The three of them, in blue-black body armour, went through the front door, and five hundred yards away in the cover of the pines, you could hear the sound of wood being smashed, glass splintering and a scream, muffled through the walls, but so distinct, so piercing, so lonely. You had your face in the dirt and your hands over your ears.

When Charlie looked up, a fourth one in body armour was out of the half-track carrying the jerry-can to the door.

The village boys in the dug-out could have started shooting, but it would have drawn fire, and they were no match for the half-tracks. So they just sat there, as stunned as Charlie and Jacek. She was out in the road by then, running towards the commander, shouting.

Charlie was pacing the hotel room now, and the towel had slipped off his waist. He was naked but for the bandages on his hand, not caring about being ridiculous, he was back there, really back there, with the story inside him needing to be pulled out, like some infected splinter.
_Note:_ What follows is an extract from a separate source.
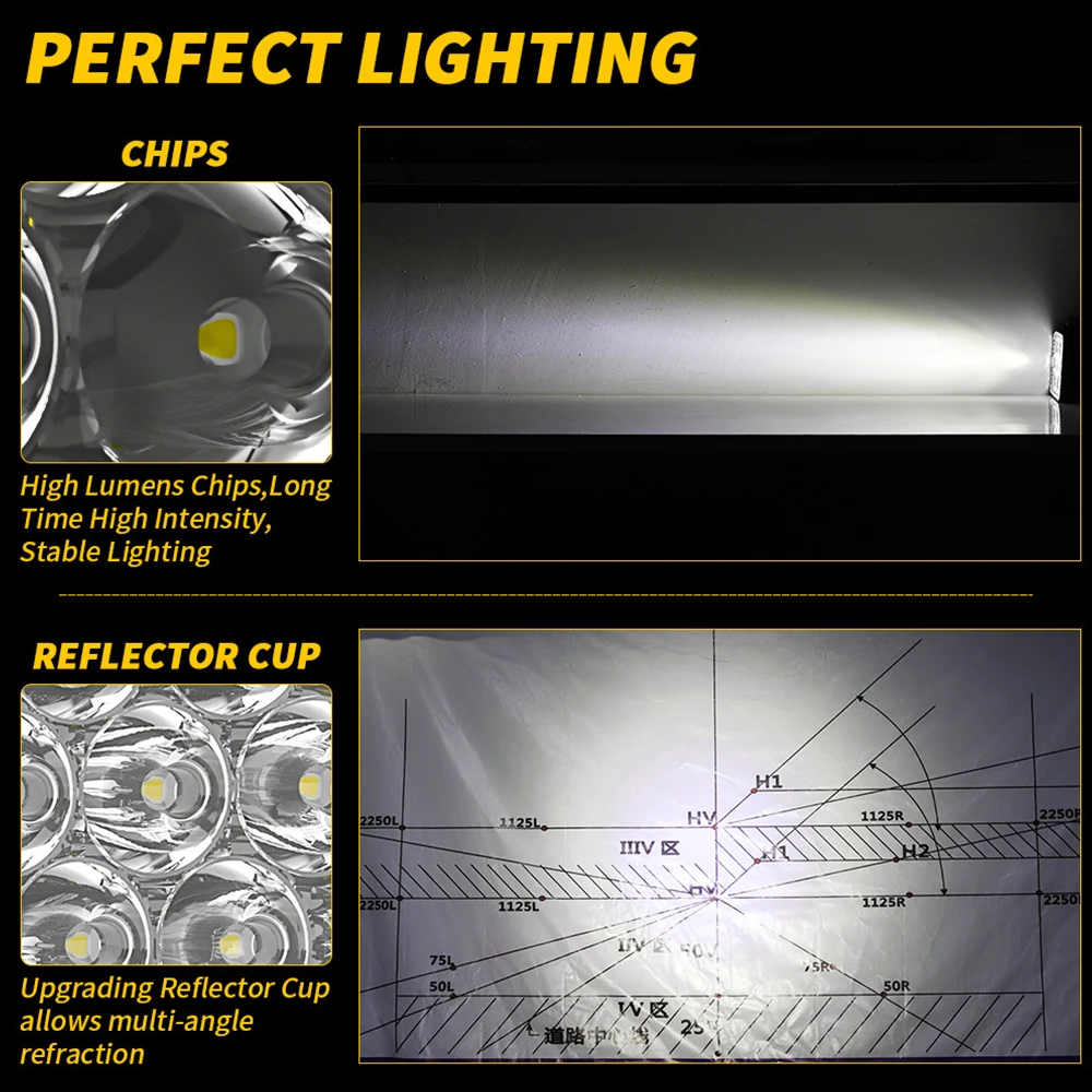 En ce qui concerne les paramètres techniques, cette lampe de travail est équipée d’une puissance LED de 5D 8000LM et d’une lentille en PMMA. Elle bénéficie également d’une coque en alliage d’aluminium moulé sous pression, ce qui la rend résistante à la corrosion, imperméable, anti-poussière et performante en termes de résistance aux chocs. Son indice d’étanchéité est IP68, ce qui signifie qu’elle peut être utilisée dans des conditions d’eau et de poussière extrêmes sans problème.

She watched from the bed.

One member of the squad with a jerry-can was sloshing down the door-frames and windows, the garden fence, the plants, the grassy path to the door. She was screaming at the commander, fists raised, when the gasoline arced over her and the lighter touched her hem. She went up with her house, an orange-black spinnaker of flame catching the wind. Jacek began to turn over, whispering as he stared down the viewfinder, mouthing Polish prayers.
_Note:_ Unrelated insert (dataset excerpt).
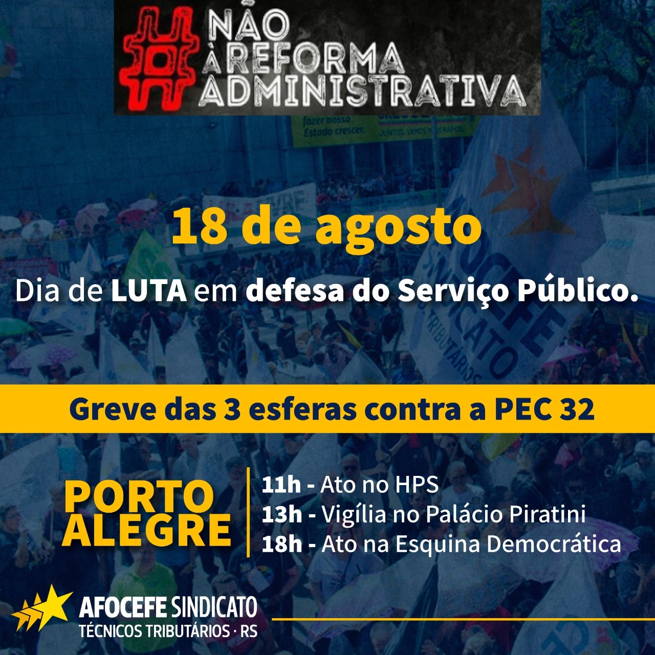 Nesta quarta-feira (18), servidores públicos estarão mobilizados em todo país em defesa do Serviço Público e contra a Reforma Administrativa (PEC 32).

She was running along the road towards them, while the commander watched her go, and stayed the mercy of an executioner’s bullet. Then he climbed into the half-track, reversing hard and turning around to finish the operation.
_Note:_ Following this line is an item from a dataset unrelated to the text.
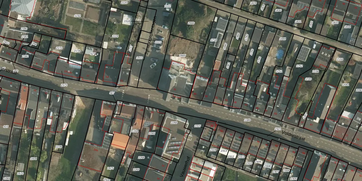 Het perceel waarop Volderstraat 31-d staat heeft een oppervlakte van 595 m². Dit is een groot perceel. De perceeloppervlakte wordt geregistreerd door het Kadaster. Gedetailleerde informatie over de maten van dit perceel kunt u vinden in het rapport Kadastrale kaart met maatvoering van Volderstraat 31-d.

That was when the torpor of fear ended and you broke cover and stepped into the road. As she ran, her arms were like wings of flame, and she blundered into you in an embrace of fire – and you were both down, in the dusty road, rolling over and over.

They had ten minutes maybe, before the patrol came back. The village boys might cover them, might not. You remembered pulling her off and sitting up, looking at your hands and then at her, legs and lower body intact, but shoulders and upper arms charred and that terrible place across the top of her back. Jacek had his water bottle out and poured it across her shoulders and she cried out.

Only Jacek had instincts you could trust. Benny was shaking, and talking to himself, and Jacek told him to get her up if she could walk, which she could, and get her into the trees. She did not look back at the burning house. Her father was in there, but it was too late.

He remembered Jacek taking Benny by the shoulders and shaking him and saying: we are taking her. When Benny said they couldn’t, Jacek told him to shut up. And then they poured water down her throat and down her back, and she said nothing, and seemed to feel nothing, and fell, and Benny and Jacek picked her up and carried her most of the way, and she astonished them by walking ahead of them, like a possessed spirit, the final mile to the edge of the plateau where, reaching safety, she buckled again. Behind came Charlie stumbling and falling, reaching out to the trees and crying out when his singed hands rasped against the bark. And all along the road, they had one thought: it will be all right if we can get her to the other side. And then it was: it will be all right if we can get her into the chopper. And then it was: it will be all right if we . . .

He was now standing in the middle of the hotel room, looking at his hands. Weak light came through the windows and the sound of rain.

‘What am I doing here?’

He was crying, ignominious and naked, waving his useless hands to and fro, as if he thought this would take the burning away.

‘What am I doing?’

Etta came to him and stood there in front of him. Then she undid her robe and he stepped closer and she folded him in. She said nothing, just held him and he held her with the weight of his wrists against her shoulders and his bandaged palms out a fraction from her body. They stood like that for a long time.